2.2.4 Income elasticity of demand (YED) Flashcards
Income elasticity of demand
Measures the change in QD when incomes change
Normal goods
Have positive YED → rise in income will lead to an increase in quantity demanded
Inferior goods
Negative YED → demand rises as incomes fall
- Not of a poor quality but its functions is less attractive than a more expensive alternative (eg public transport, savers food, council houses )
- Influenced by attitudes and incomes, and with uneven income distribution, relative luxuries to some may seen as inferior goods to others
YED
- Demand affects income.
- For most goods (normal) an increase increased QD. YED measures how much QD changes when income changes → measures the responsiveness of of demand to changes in income
calculating YED
percentage change in QD/ percentage change in incomen
interpreting YED
- A positive sign denotes a normal good (QD increases as income increases)

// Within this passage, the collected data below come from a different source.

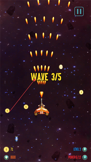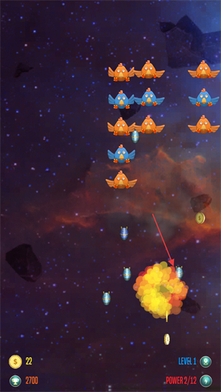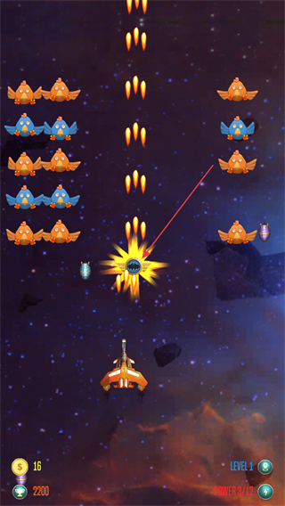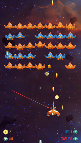 1、通過(guò)滑動(dòng)屏幕空白區(qū)域控制飛機(jī)左右上下移動(dòng),躲避小雞發(fā)射的導(dǎo)彈并攻擊他們。
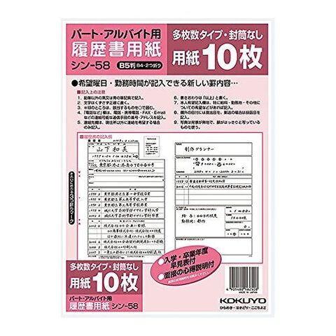 コクヨ 履歴書用紙パートバイトB5 シン-58
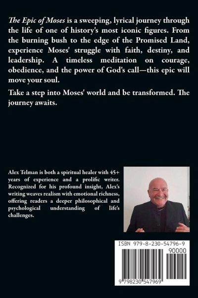Discover the Untold Majesty of Moses' Journey In The Epic of Moses, embark on a breathtaking journey through the life of one of history's most iconic figures-a man chosen by God to lead a nation from the chains of bondage to the edge of the Promised Land. This epic poem brings to life the trials, triumphs, and eternal struggles of Moses, exploring not only the incredible feats of leadership and courage that defined his life but the deep, personal battles of faith, doubt, and destiny he faced along the way. What is it like to hear the voice of God calling you to greatness, even when you feel utterly unworthy? How does it feel to bear the weight of an entire people's hopes and fears on your shoulders, knowing that your own fate is bound to something greater than yourself? The Epic of Moses dives into these questions with fierce emotional depth, capturing the human heart behind the biblical legend. From the burning bush to the mighty Exodus, from the trials of the desert to the moment he gazes upon the Promised Land he will never enter, Moses' story unfolds with power and poetry. This is a man who was not born a hero but became one by answering a call beyond his own understanding. His life was marked by moments of divine wonder and searing pain, and through it all, his unwavering faith in the God who led him forward transformed him-and the course of history itself. As you read, you will feel the pulse of a nation longing for freedom, the roar of a prophet speaking truth to power, and the inner conflict of a servant torn between his doubts and his destiny. Through vivid, lyrical language and rich imagery, this poem reveals the heart of Moses-his fears, his sacrifices, and his unyielding devotion to God's promise. This is more than just a retelling of an ancient tale. It is a meditation on the very nature of leadership, faith, and purpose. It's about finding strength in the face of adversity and believing in something greater than yourself, even when the path is unclear. It's about the timeless journey of trusting that God's plan for you is bigger than your own limitations. The Epic of Moses is a tribute to the power of God's call, the price of obedience, and the courage to stand firm in the face of impossible odds. Whether you are familiar with the biblical account or new to Moses' story, this powerful poem will pull you into a world of ancient wonders and timeless truths. Take a step into Moses' world and be transformed. The journey awaits.
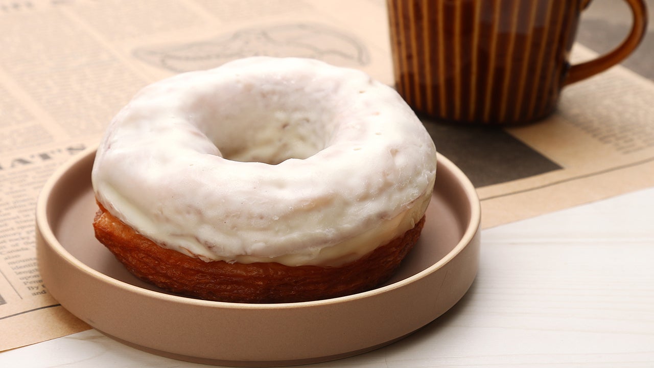 商品特長:クロワッサンのように層になったさっくり生地にホワイトチョコをかけました。外はカリッと、中はサクサクふんわりとした食感が特徴です。
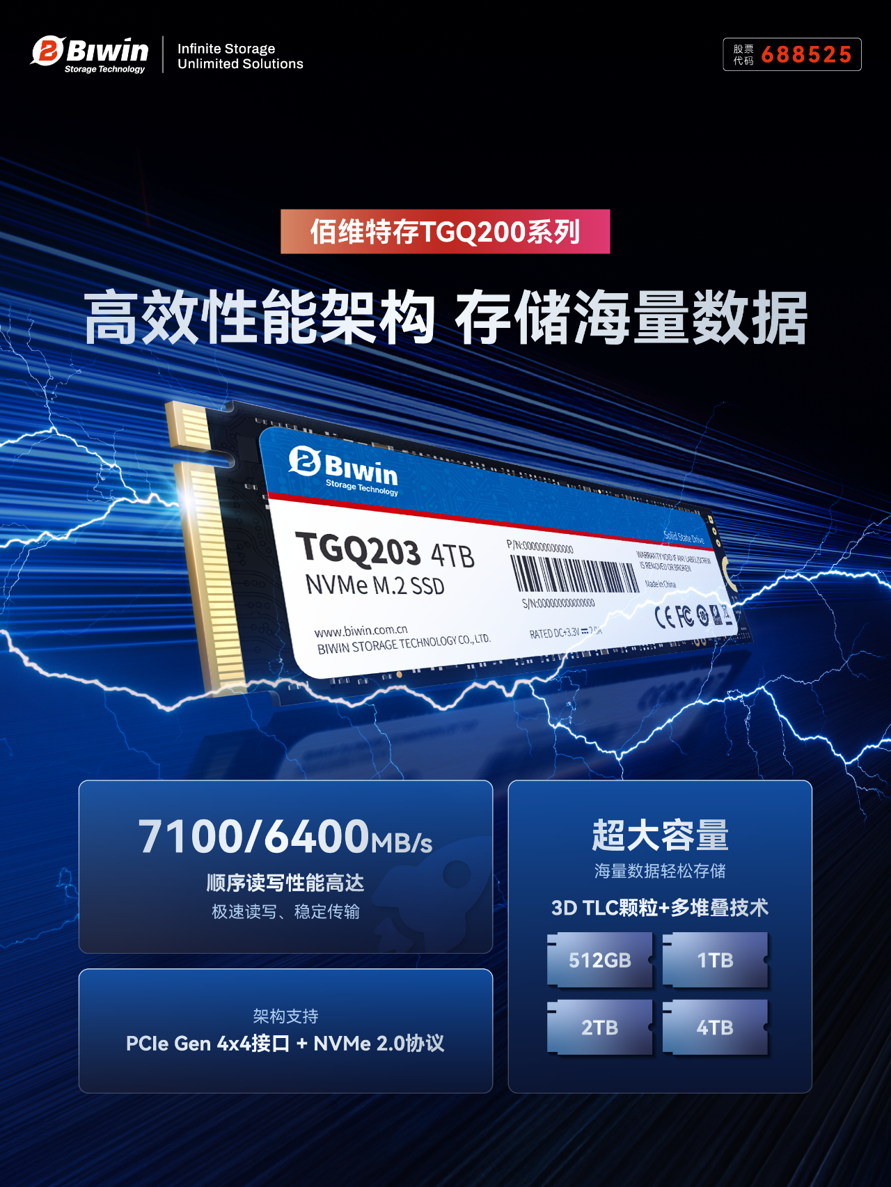 -容量覆蓋 512GB-4TB 全檔位,滿足高容量需求應用;
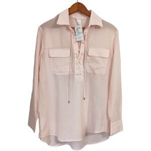 The Club Monaco Gauzy Cotton Top in size small is a relaxed and lightweight pink blouse perfect for various occasions including travel, weddings, parties, casual outings, and formal events. This collared top features a lace-up closure, long sleeves, and a tunic style fit. Made of woven cotton fabric, it is easy to care for and breathable, making it suitable for all seasons. With a minimalist and old money vibe, this top is ideal for those looking for a quiet luxury piece with a touch of art and preppy style.
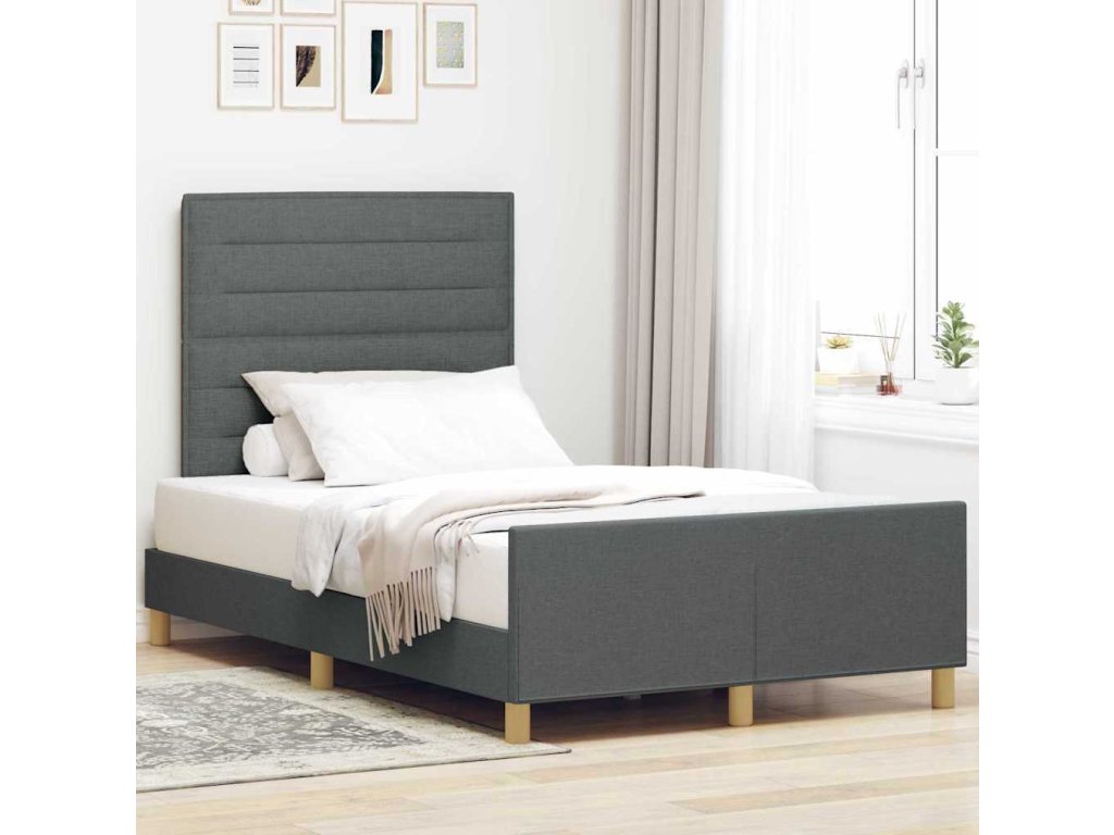 Rám postele s čelo Tmavě šedá 120 x 190 cm textil [3344635]
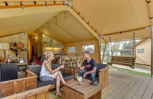 Cozy Forest Retreat with Glamping Comfort Welcome to your stylish tent lodge nestled in the serene landscape of Holiday Park Sandberghe in Uden. This thoughtfully designed space combines the charm of camping with the comfort of home. Inside, you’ll find an open kitchen with a hob, coffee maker, and fridge-freezer—perfect for preparing meals after a day outdoors. The lodge features three cozy sleeping areas, including a loft-style double box bed accessed via steep stairs, and a pellet stove to keep things warm and inviting on cooler nights. Pet-Friendly Paradise & Outdoor Fun The fully furnished terrace and nearby forest trails make this lodge ideal for guests traveling with pets. Bring your furry friend along to explore the nearby Maashorst nature reserve, where leash-free zones and organized pet-friendly walks are popular. With a shared swimming pool on-site and shaded picnic areas just minutes away, the location offers something for everyone—including your four-legged companion. Local Dining & Laid-Back Living Just a short drive from the lodge, Uden’s town center offers a selection of cafés, bakeries, and pet-welcoming restaurants like Brasserie Verhoeven and 't Zusje. After a delicious local meal, return to your peaceful hideaway for a drink under the stars or a cozy evening by the pellet stove. Whether you're here for relaxation or nature-filled adventures, this tent lodge makes the perfect base for your next getaway.
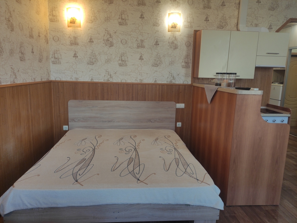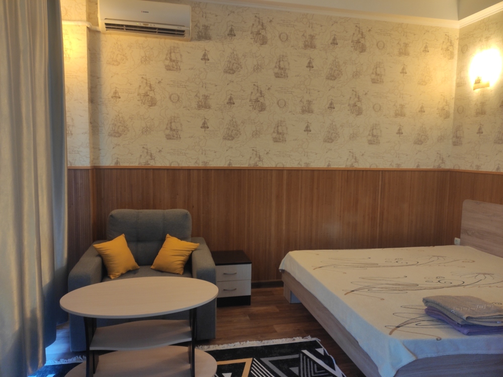 Пространство и комфорт: В уютной студии Вас ждет большая двуспальная кровать для сладких снов и удобное раскладное кресло-диван, которое легко превращается в дополнительное спальное место.
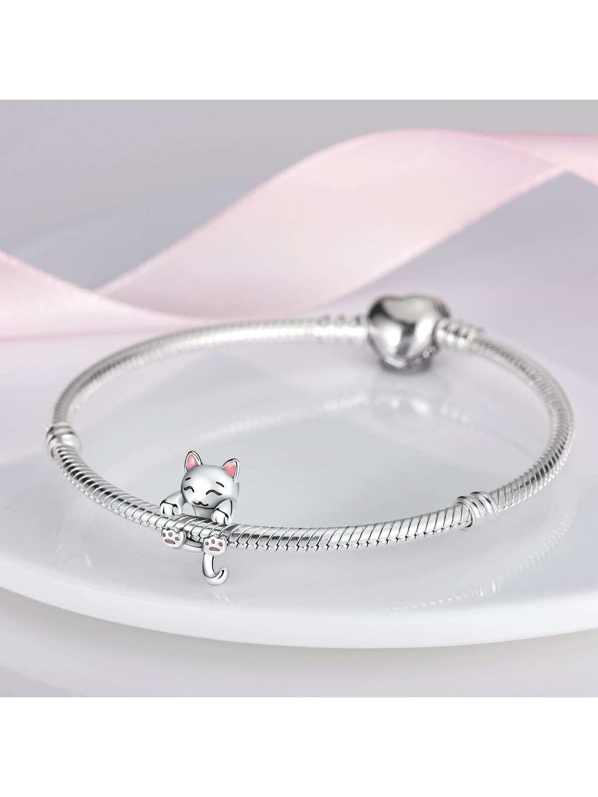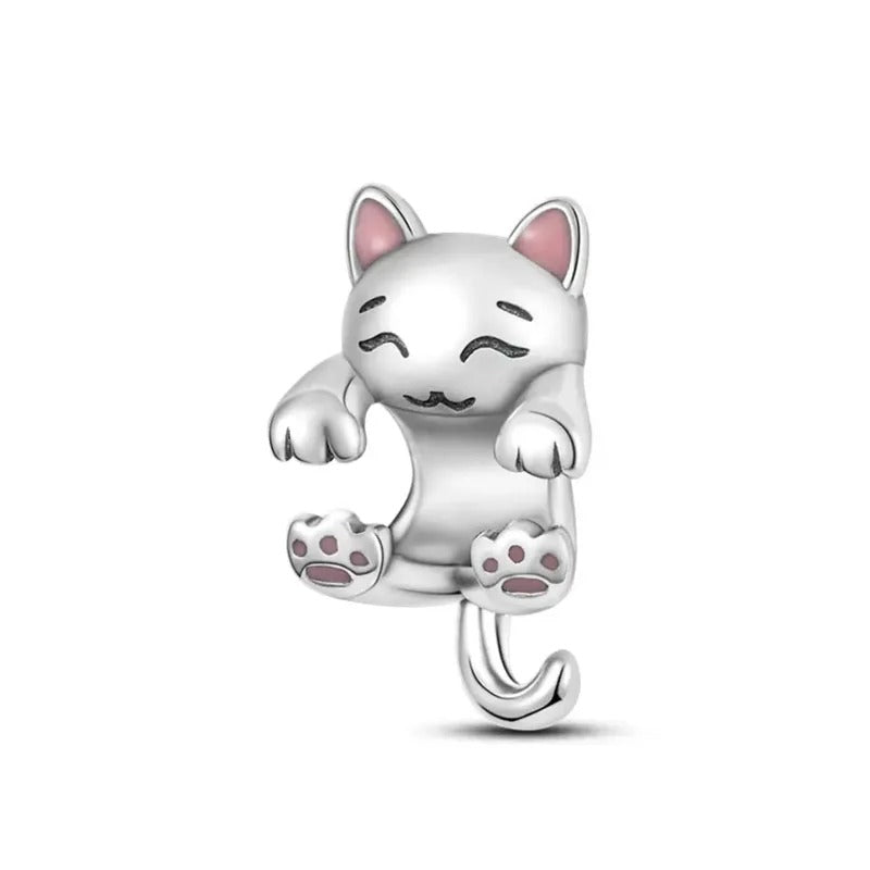 Cute Hugging Cat Charm for Bracelet, S925 Sterling Silver
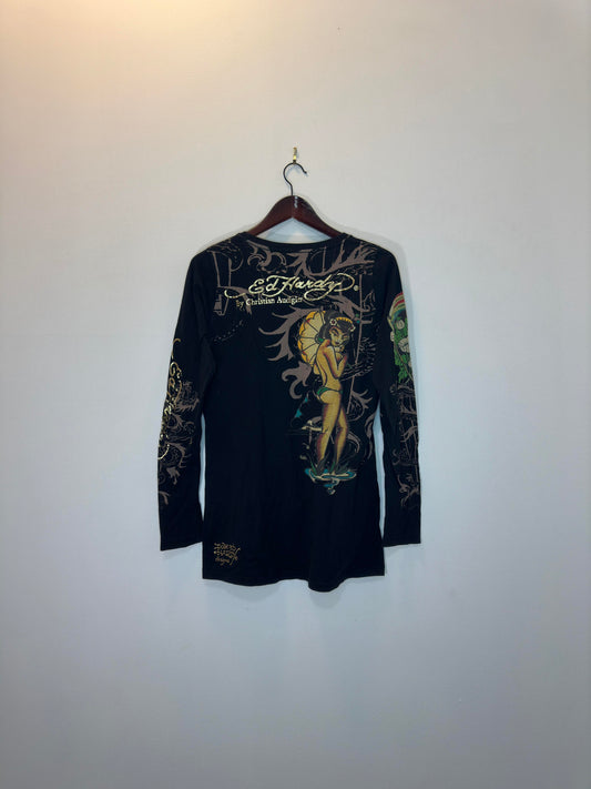 VTG x Y2K Style x Christian Audigier x Ed Hardy Japanese Suburban Style Graphic Long Sleeve Tee - Women's L
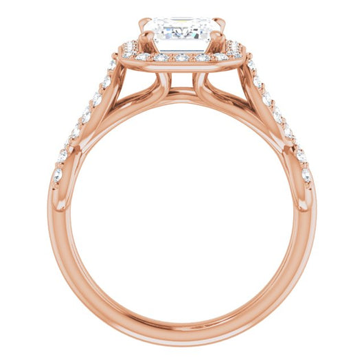 10K Rose Gold Customizable Cathedral-Halo Emerald/Radiant Cut Design with Artisan Infinity-inspired Twisting Pavé Band
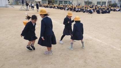 子どもたちは、運動場をいっぱいに使って元気にゲームをしています。上段の写真は見本を見せる子どもたちの様子です。

- A negative sign denotes an inferior good (QD decreases as income increases)
- YED>1 –> income elastic good (income change causes a larger QD change)
- YED=1 –> unitary income elastic good (income change is proportionate to QD change)
- YED<1 —> income inelastic good (income change causes a smaller QD change)
cross elasticity
Responsiveness of demand of one good to changes in price of another good → substitute or a complement
- A positive answer denotes a substitute: there is a positive relationship between the two
- A negative answer denotes a complementary good: there is an inverse relationship between the two
4 factors affecting YED
- luxuries
- habits
- share of spent income
- confidence and expectations
luxuries
- Luxuries tend to be income elastic and have positive and high YED values
- If incomes and spending powers rise, demand for luxuries (holidays, sports cars) tend to rise at a faster rate → people who couldn’t buy them before now have the money to
- Necessities are income inelastic and have a low positive YED value
- A fall in income causes a slight decrease in demand as consumers see little alternative to that necessity and will cut down spending elsewhere (eg milk)
- Luxuries and necessities vary between individuals and is down to consumer preference
habits
- Habits are slow to change → many foodstuffs have low YED (eg tea bags)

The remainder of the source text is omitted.